● **Exercise requirements**
Reproduce the listing below word for word and exclude any picture.

Input data Start Marker

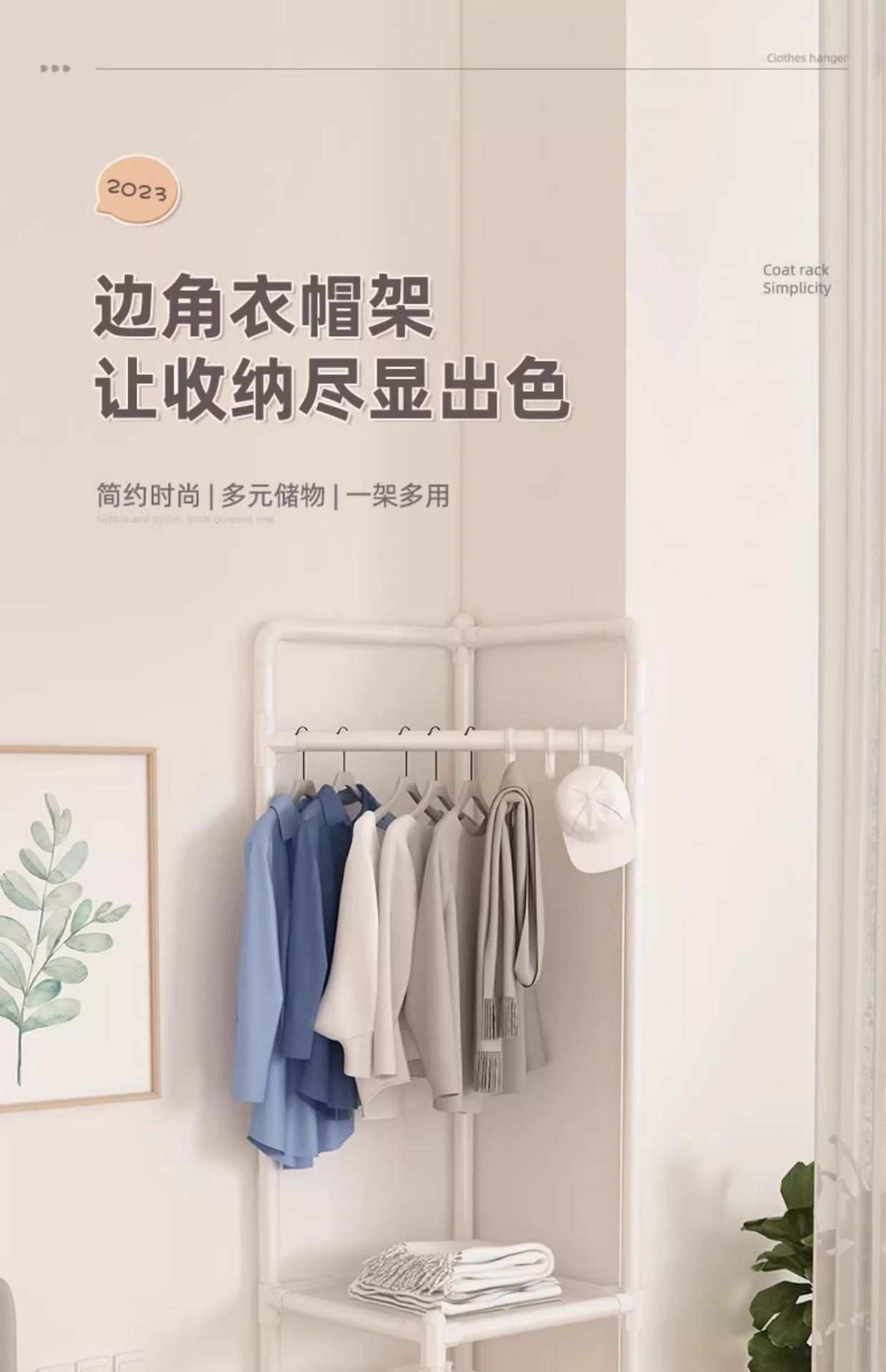 家庭用コートラック床置きコーナー多層収納ラック寝室コーナーコーナーベッドサイドバッグシンプルなコートラック
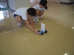 自分が作った車が、風の力でどれだけ進むか、グループのみんなと一緒に楽しく調べることができました。
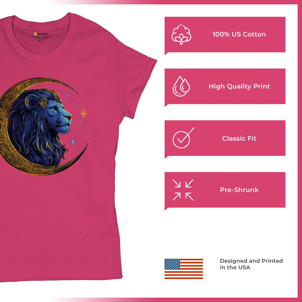 Majestic lion in Celtic crescent moon design—ideal for Leos, fantasy fans, and spiritual seekers drawn to strength and celestial symbolism.

Input data End Marker

● **Result for this task**
 家庭用コートラック床置きコーナー多層収納ラック寝室コーナーコーナーベッドサイドバッグシンプルなコートラック
 自分が作った車が、風の力でどれだけ進むか、グループのみんなと一緒に楽しく調べることができました。
 Majestic lion in Celtic crescent moon design—ideal for Leos, fantasy fans, and spiritual seekers drawn to strength and celestial symbolism.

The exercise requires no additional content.